A few more minutes of milling, and I notice another young man has entered Bamboo Reef. He strikes me as a fellow newbie. At 1:58 Sales Clerk Man tells me I’m welcome to go upstairs to the classroom. I follow his directions, taking a right at the top of the steps, and find myself alone in a room with at TV on the wall and and three beat up old tables arranged in rows, facing the front of the room. There are faded SCUBA-themed posters and dry erase boards on the walls, and several banged up oxygen tanks on the floor. The TV loops a video of an undersea diver swimming with whales. The diver wears no breathing gear and it’s hard to deny the footage is dramatic. Everything looks as though it’s in slow motion but I assume that’s just how everything looks under water. I take a seat at the front table, and a couple minutes later I notice the other civilian from downstairs has taken a seat at the table behind me. On each table are four packets – arranged so that if every seat were occupied, every student would have one in front of them. I examine the one in front of me – it appears to basically be a huge waiver.
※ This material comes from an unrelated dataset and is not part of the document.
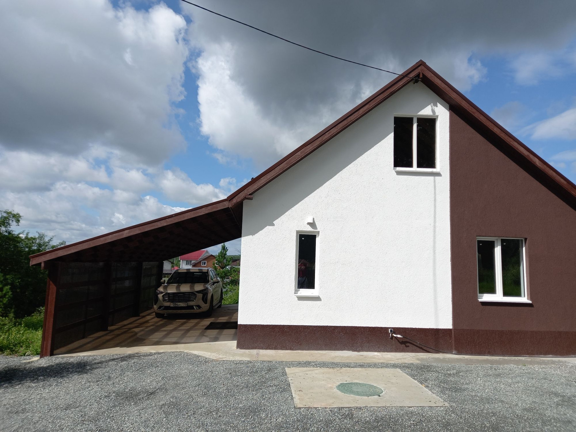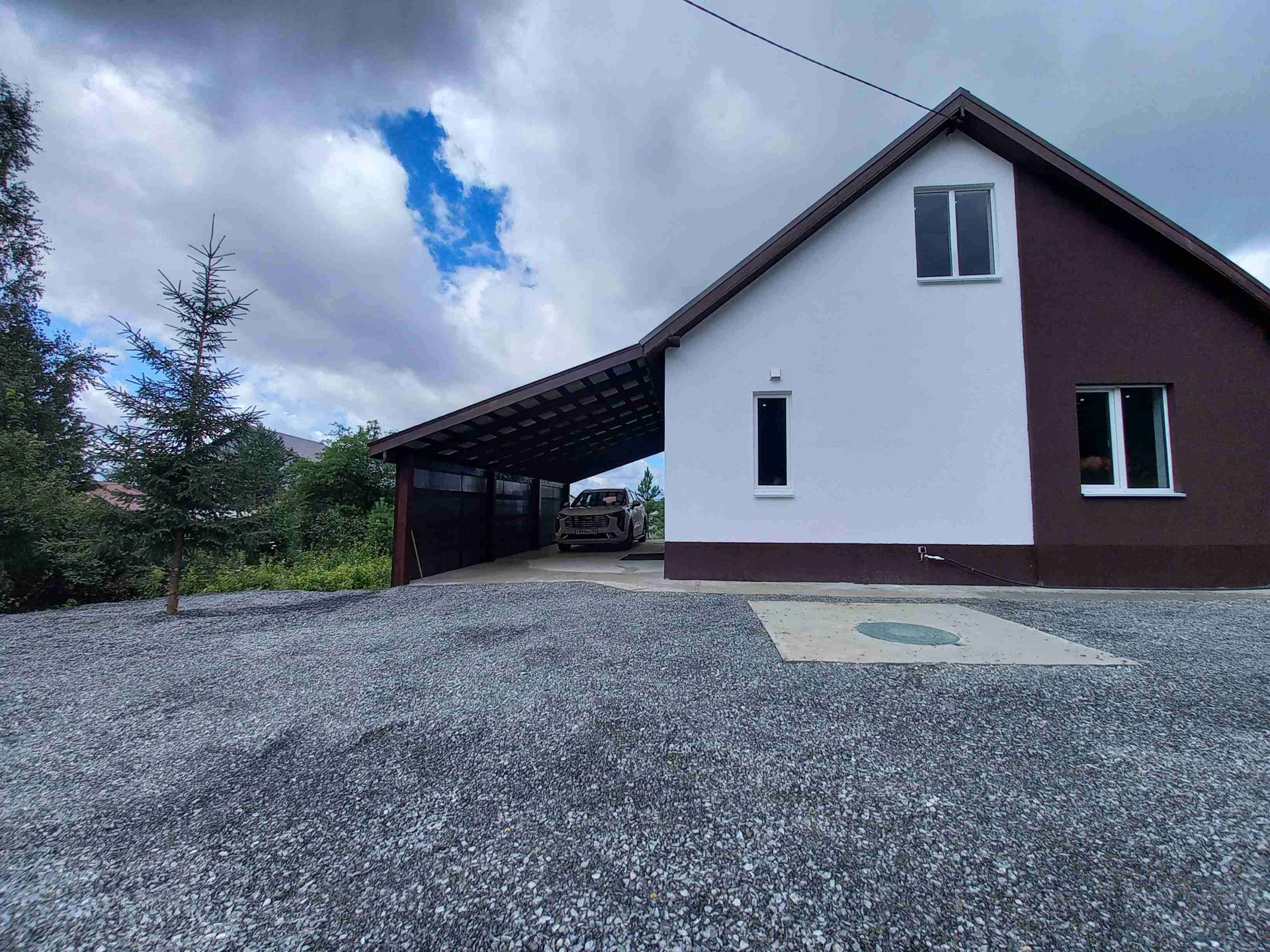 Навес для двух машин у дома, рядом места для машин Ваших гостей.

At this point, the other employee from downstairs enters the classroom. He’s probably in his late 20’s, sturdily built and wearing a beanie. With a casual and approachable manner, introduces himself as today’s host for orientation, and asks us why what brings us to Bamboo Reef today.

“To try some new shit” I reply inelegantly.
“Nice” the instructor nodded in approval.
“I’m going to Bora Bora in March, and thought it would be cool” says the guy behind me.
“Cool” replied our host with a smile.

With formalities concluded, our host dives in. He tells us today will be comprised mostly of us watching a couple short introductory videos on SCUBA diving, as well as filling out the waiver-packets in front of us. He discussed a bit of his own experience (he’d been diving for something like ten years), and informed us of the general physical requirements (we’d have to be able to swim 200 yards, and tread water for ten minutes). Overall it’s a pretty chill vibe. He cues up the first video and leaves the room, heading downstairs. As the video begins, I can barely hear him instructing another employee to “tell them to leave” – it’s a few minutes after 2 o’clock, and presumably some poor souls had just arrived for orientation. I’m not liking their odds. Goddamn amateurs, I thought. The Bamboo Reef train waits for NO-BO-DY. So instead it will be me and Bora Bora Guy, watching movies in a virtually empty classroom.
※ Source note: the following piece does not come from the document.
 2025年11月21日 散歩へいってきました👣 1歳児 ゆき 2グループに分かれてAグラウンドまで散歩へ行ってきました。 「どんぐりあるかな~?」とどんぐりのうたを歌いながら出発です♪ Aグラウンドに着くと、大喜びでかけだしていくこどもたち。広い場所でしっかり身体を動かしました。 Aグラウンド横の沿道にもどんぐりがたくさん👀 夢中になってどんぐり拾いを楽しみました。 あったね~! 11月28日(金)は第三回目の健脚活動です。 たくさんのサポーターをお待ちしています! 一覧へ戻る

The videos themselves were pretty light. Showing footage of divers, a narrator urged us to always listen to our instructors, not dive if we’re feeling unwell, and reminded us that ultimately, we’re responsible for our own safety. No real technical details to speak of. Our instructor returned and went over the logistics of how and when in-water training would start, the overall requirements for official SCUBA certification, and the like. We signed our lives away in the waiver-packets, and with that, our 45-minute orientation was concluded. I head downstairs and sign up for the in-water training and $505 later I was officially booked for SCUBA classes. The weekend of December 21st, I’ll be spending Saturday and Sunday, 9am – 6pm, here at Bamboo Reef, training in their pool. Presuming all goes well, at a later date I’ll head south to Monterey Bay to complete my certification with open water dives. But before any of that, I gotta do my homework – an online introductory course, which I’m told would represent two or three hours worth of work. Being fully aware of my less-than-stellar study habits, it’s best I sign off and get right to it.

4 thoughts on “SCUBA Day 1 – Orientation

  1. My dad is a trained scuba diver. You got this! Have fun! And don’t get stung by anything in the ocean that stings. It’s like a video game challenge.